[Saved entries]
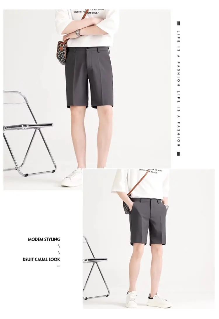 New Summer Men's Casaul Suit Shorts Light Luxury Leisure Non-ironing Straight Korean Style Slim-fit Button-down Pants M-3XL 2025
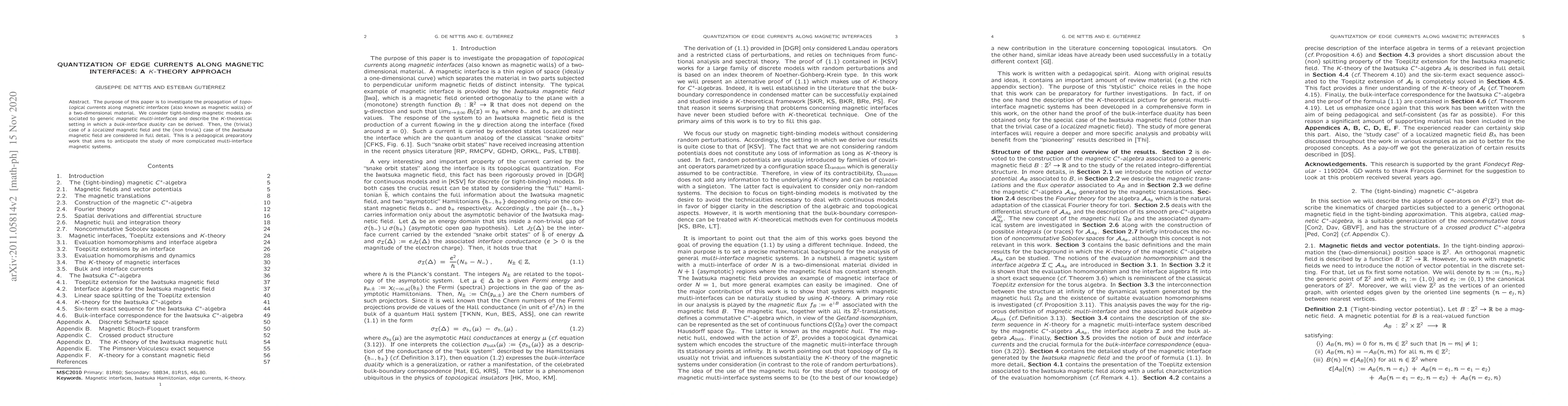 The purpose of this paper is to investigate the propagation of topological currents along magnetic interfaces (also known as magnetic walls) of a two-dimensional material. We consider tight-binding magnetic models associated to generic magnetic multi-interfaces and describe the K-theoretical setting in which a bulk-interface duality can be derived. Then, the (trivial) case of a localized magnetic field and the (non trivial) case of the Iwatsuka magnetic field are considered in full detail. This is a pedagogical preparatory work that aims to anticipate the study of more complicated multi-interface magnetic systems.
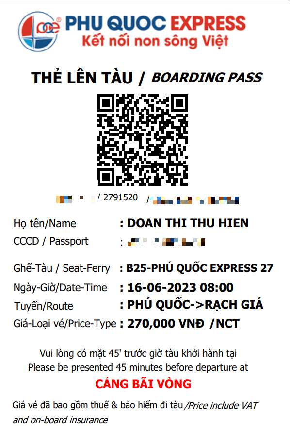 5. Thủ tục khi đi tàu Rạch Giá - Phú Quốc gồm những gì?
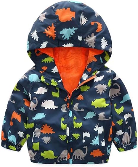 Boys' Hooded Dinosaur Jacket Windbreaker Outerwear
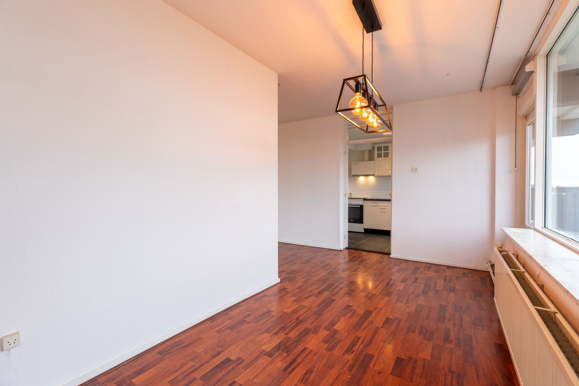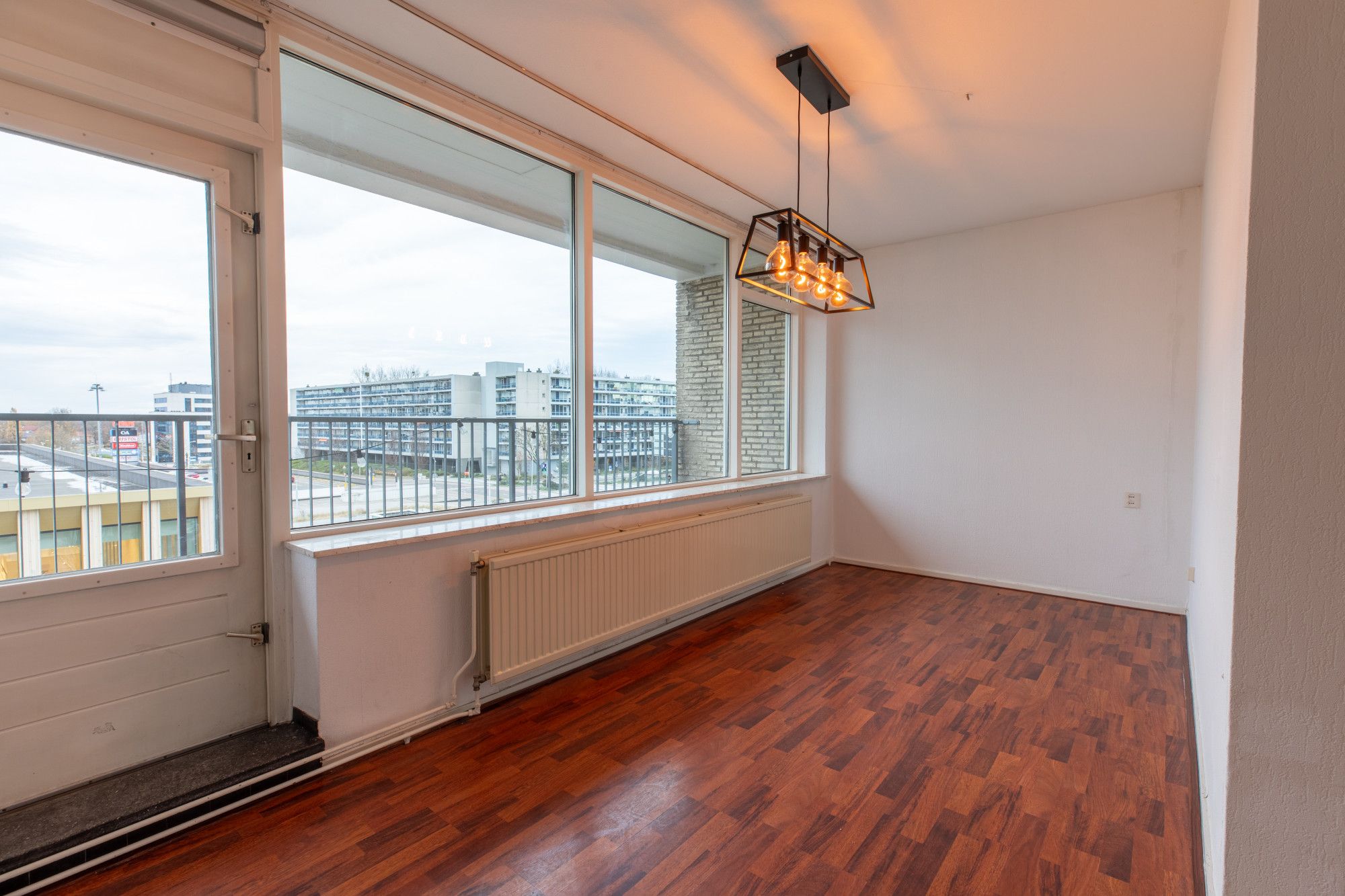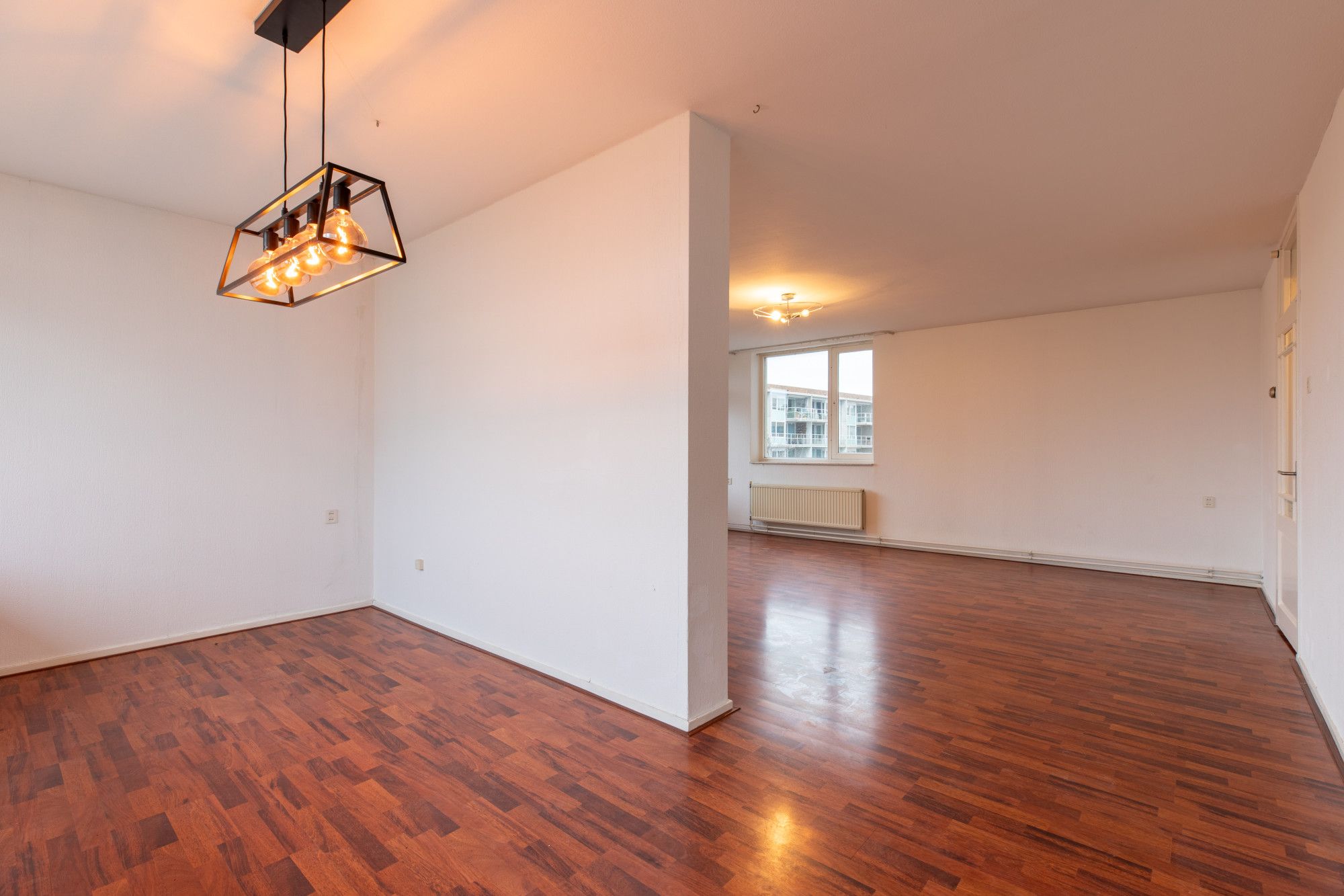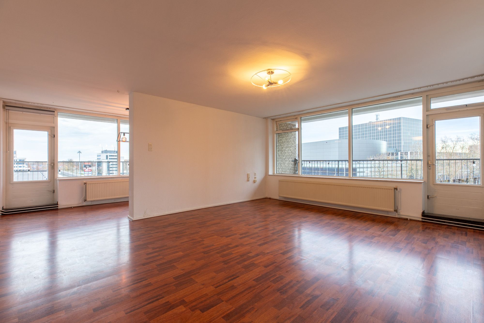 Ruime woonkamer (5.975 X 4.98 m) voorzien van laminaatvloer en met toegang tot balkon (4.74 x 1.19 m).

- **Assignment**
Make an exact copy of the lines above, starting at the line that contains "5. Thủ tục khi" and running through the final line of the entries. Omit the pictures.

- **Problem solution**
 5. Thủ tục khi đi tàu Rạch Giá - Phú Quốc gồm những gì?
 Boys' Hooded Dinosaur Jacket Windbreaker Outerwear
 Ruime woonkamer (5.975 X 4.98 m) voorzien van laminaatvloer en met toegang tot balkon (4.74 x 1.19 m).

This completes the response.